A majority of US states have opposed the Trump administration’s new COVID-19 testing guidelines in an extraordinary reprimand from the nation’s leading disease prevention agency, according to state health officials and public statements verified by Reuters.
At least 33 states continue to recommend testing people who have been exposed to COVID-19 and have no symptoms. This week, guidelines published by the United States Centers for Disease Control and Prevention (CDC) that these tests may not be required were dropped. Sixteen states did not immediately respond to requests for comment, and North Dakota said it had not made a decision.
States that are breaking with the federal government include conservative Texas, Oklahoma, and Arizona.
Public health experts said a break of this magnitude with the CDC may be unprecedented and show growing distrust of the Trump administration and its response to the pandemic.
“This is an almost complete rebellion against the new guidelines,” said Michael Mina, assistant professor of epidemiology at Harvard T.H. Chan School of Public Health.
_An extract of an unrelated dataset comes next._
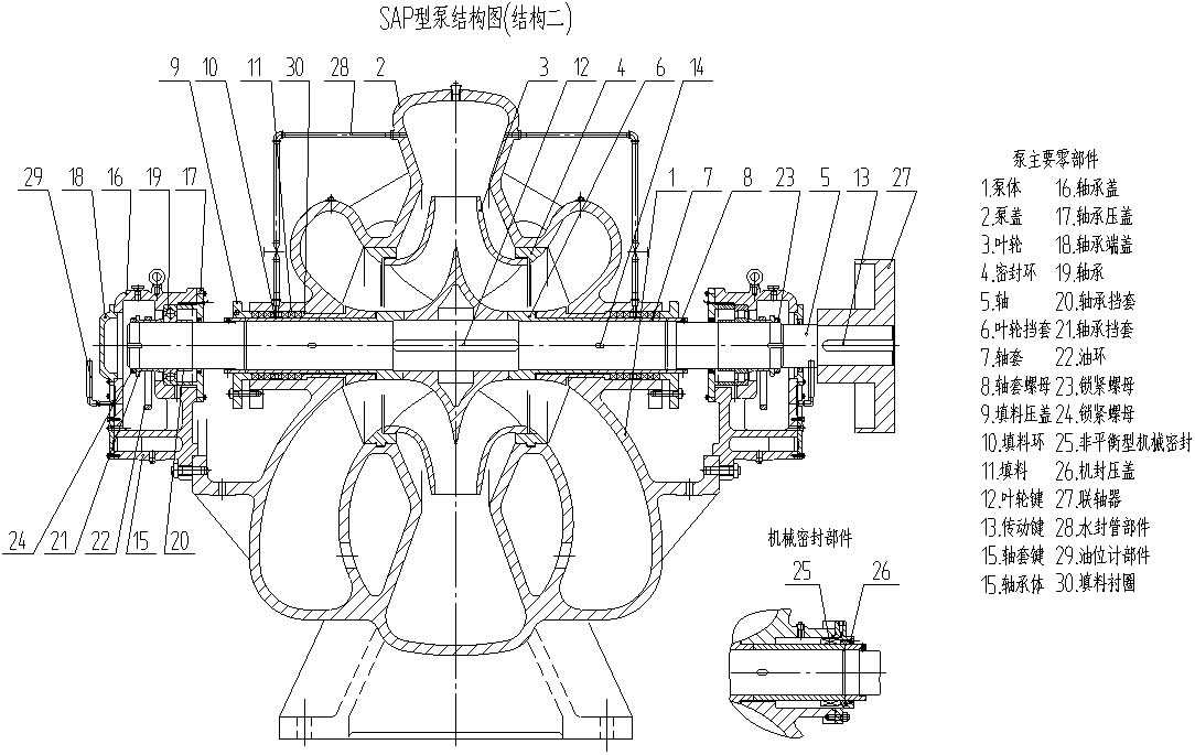 SA(SAM、SAF、SAP、SLA)型单级双吸中开离心泵输送的介质温度为-20℃--80℃,适用于输送各种工业用水、生活用水、自来水及水利工程,农田排灌等用途。 SA型用于输送清水或物理、化学性质类似于清水的液体。 SAM型用于输送含有一定量的固体颗粒的腐蚀性液体。 SAF型用于输送各类腐蚀性液体。 SAP型是在SA型泵的基础上吸收消化国外同类泵技术上改型和扩充的一个新品种。 ● 性能范围:流量:72--9900m³/h 扬程:6.8—104m 所有泵均可根据用户使用要求调整其运行参数。 ● 结 构:SA(SAM、SAF、SAP)型泵为卧式安装,吸入口与吐出口均在泵轴中心线下方,泵体水平中开,检修时不需折卸进、出水管路。 SLA为立式安装,吸入口和吐出口均在水平方向,泵体、泵盖的分开面在轴中心线上垂直分开。 轴承:泵两端均为滚动轴承(其中24SA--18、16SA--90可选用滑动轴承)支撑转子部件,稀油或油脂润滑。 轴封:①软填料密封;②机械密封从电机端看,泵逆时针旋转,也可按用户要求制成顺时针旋转。 ● 过流部件材质:泵的过流部件材质均为铸铁,如用户需要可采用铸钢和铜制造,但需要在合同中注明。 ● 型号说明:例:10SA(SAP、SAM、SAF、SLA)--6A 10一吸入口径被25除(即吸入口径为250mm) SA--单级双吸离心清水泵 SAP--SA改进泵 SAM--耐磨型单级双吸离心泵 SAF--耐腐蚀型单级双吸离心泵 SLA--立式单级双吸离心泵 6--比转数被10除化整的约数 A--叶轮第一次切割 结构说明: SAP型系列泵结构见图所示 1、本型泵壳体部分主要由泵体、泵盖、密封环等零件组成,泵为卧式安装,泵壳于轴心线处分开,上部为泵盖,下部为泵体,吸入口和吐出口均在泵轴线下方的泵体上,其中心线与轴线垂直。检修时不需拆卸进水和出水管路,即可揭开泵盖,取出转子部件进行检修和更换有关零件。 2、转子部件由轴、叶轮、轴套、挡水圈、锁紧螺母等零件组成,轴上零件均由两端圆螺母锁紧,并将整个主轴保护起来,从而提高轴的使用寿命,转子上轴向力由叶轮自身平衡,剩余轴向力由滚动轴承承受。 3、轴承采用滚动轴承、干油润滑。轴承装在轴承衬套上成为一体,便于轴上零件的更换。轴际端盖密封采用骨架油封。 4、轴封采用软填料密封和机械密封两种形式,供用户选择。 填料密封由填料套、填料环、填料和填料压盖等零件组成。填料部位的冷却、润滑均由水封管部件通过引用泵内自身水完成。 机械密封由非平衡型机械密封部件和压盖等零件组成。 机械密封部位的冲洗、冷却水由水封管部件通过引用泵内自身水完成,也可接用外来水完成。 5、水封管部件由水封管、弯头、和闸阀组成。 6、本系列泵采用弹性柱销联轴器由电机直接驱动。 7、泵的旋转方向,从电机端向泵看,为逆时针方向旋转,即吸入口在左,吐出口在右。 根据用户要求,也可将驱动端移到泵的另一端。此时,转向和吸入、吐出口方向均与上述相反。 泵 型 号 装配部位 轴 承 名 称 轴承规格 数 量 轴承体结构型式 6SAP-6 从动端 深沟球轴承 310 1 结构一 驱动端 深沟球轴承 310 1 6SAP-8 8SAP-10 从动端 深沟球轴承 308 1 驱动端 深沟球轴承 308 1 8SAP-7 从动端 深沟球轴承 312 1 驱动端 深沟球轴承 312 1 10SAP-6 12SAP-10 从动端 深沟球轴承 316 1 驱动端 深沟球轴承 316 1 12SAP-4 从动端 深沟球轴承 6316 1 结构三 不带轴承内套 驱动端 深沟球轴承 6316 1 14SAP-4 从动端 深沟球轴承 6319 1 结构三 不带轴承内套 驱动端 单列向心短圆柱滚子轴承 NU319 1 14SAP-10 14SAP-20 从动端 深沟球轴承 316 1 结构一 驱动端 深沟球轴承 316 1 16SAP-9J 从动端 深沟球轴承 319 1 驱动端 单列向心短圆柱滚子轴承 32319 1 16SAP-10 从动端 深沟球轴承 318 1 结构二 驱动端 深沟球轴承 318 1 16SAP-13 从动端 深沟球轴承 313 1 结构三 不带轴承内套 驱动端 深沟球轴承 313 1 20SAP-4 从动端 深沟球轴承 6326 1 结构三 不带轴承内套 驱动端 单列向心短圆柱滚子轴承 NU326 1 20SAP-5 从动端 深沟球轴承 326 1 结构二 不带轴承内套 单列向心短圆柱滚子轴承 2326 1 驱动端 单列向心短圆柱滚子轴承 NU326 1 20SAP-6 从动端 深沟球轴承 326 1 结构二 单列向心短圆柱滚子轴承 NU326 1 驱动端 单列向心短圆柱滚子轴承 NU326 1 20SAP-10 从动端 深沟球轴承 324 1 结构一 驱动端 单列向心短圆柱滚子轴承 32324 1 20SAP-14 从动端 深沟球轴承 324 1 驱动端 单列向心短圆柱滚子轴承 32324 1 20SAP-20 20SAP-22 从动端 深沟球轴承 316 1 驱动端 深沟球轴承 316 1 20SAP-28 从动端 深沟球轴承 316 1 驱动端 深沟球轴承 316 1 24SAP-6 从动端 深沟球轴承 328 1 结构二 单列向心短圆柱滚子轴承 32328 1 驱动端 单列向心短圆柱滚子轴承 32328 1 24SAP-10 从动端 深沟球轴承 324 1 结构一 驱动端 深沟球轴承 324 1 轴承型号及规格表二 泵 型 号 装配部位 轴 承 名 称 轴承规格 数 量 轴承体结构型式 24SAP-14 从动端 深沟球轴承 324 1 结构一 驱动端 单列向心短圆柱滚子轴承 32324 1 24SAP-18 从动端 深沟球轴承 324 1 驱动端 单列向心短圆柱滚子轴承 32324 1 24SAP-28 从动端 深沟球轴承 319 1 驱动端 单列向心短圆柱滚子轴承 32319 1 26SAP-10 从动端 深沟球轴承+单列向心短圆柱滚子轴承 6326 NU326 各1 结构二 驱动端 单列向心短圆柱滚子轴承 NU326 1 28SAP-9J 从动端 深沟球轴承 330 1 结构一 驱动端 深沟球轴承 330 1 28SAP-12 从动端 深沟球轴承 6326 1 结构三 驱动端 单列向心短圆柱滚子轴承 NU326 1 28SAP-25 从动端 深沟球轴承 319 1 结

The CDC said Monday that people exposed to COVID-19 but not symptomatic “do not necessarily need a test unless you are a vulnerable person or your health care provider or state or local health agency recommends you have one.” . “
The CDC had previously recommended testing anyone who has had close contact with someone diagnosed with COVID-19. That remains the policy of at least 30 states. Some who have not changed their guidelines said they were studying the CDC guidelines.
Admiral Brett Giroir, the deputy health minister at HHS, said in a statement to Reuters that the guidelines have “been updated to reflect current knowledge and best public health practices and to further emphasize the use of CDC-approved prevention strategies” .
He said the focus will be on screening people with symptoms of COVID-19, those with significant exposure, and those at risk, including asymptomatic people, who are being prioritized for testing by local health officials.
Some heads of state and public health experts accuse the government of using politics, rather than science, to steer their response to the pandemic.
“This 180-degree reversal of COVID-19 testing guidelines is ruthless and non-scientific. It can damage the CDC’s reputation in the long term,” said New York Governor Andrew Cuomo and New Jersey and New Governors Jersey Connecticut said in a statement it rejects the new CDC guidelines.
Giroir said at a press conference on Wednesday that there was no political pressure from the administration. He said testing asymptomatic patients too early could lead to false negative results and contribute to the spread of the virus.
“There is no point getting tested five to seven days (after infection) because you won’t be positive,” said David Battinelli, chief medical officer at Northwell Health, acknowledging concerns about testing too early. “There is a tremendous amount of unnecessary testing.”
Idaho recommends people exposed to COVID-19 contact their doctor to see if they need testing. It was among those states that did not respond to a request for comment on the CDC guidelines.
Public health officials believe the United States needs to test more frequently, that finding asymptomatic carriers of COVID-19 is critical to slow the spread, and that the CDC’s comments could run the risk of preventing necessary tests .
Even before the CDC guidelines, the number of coronavirus tests carried out was declining. The United States tested an average of 675,000 people a day last week, up from a peak of more than 800,000 people a day in late July.
Cases have decreased nationwide for five weeks in a row, but infections are on the rise again in the American Midwest. Four states reported a record one-day increase on Thursday as the US death toll surged over 180,000.
(Except for the headline, this story was not edited by GossipMantri staff and published from a syndicated feed.)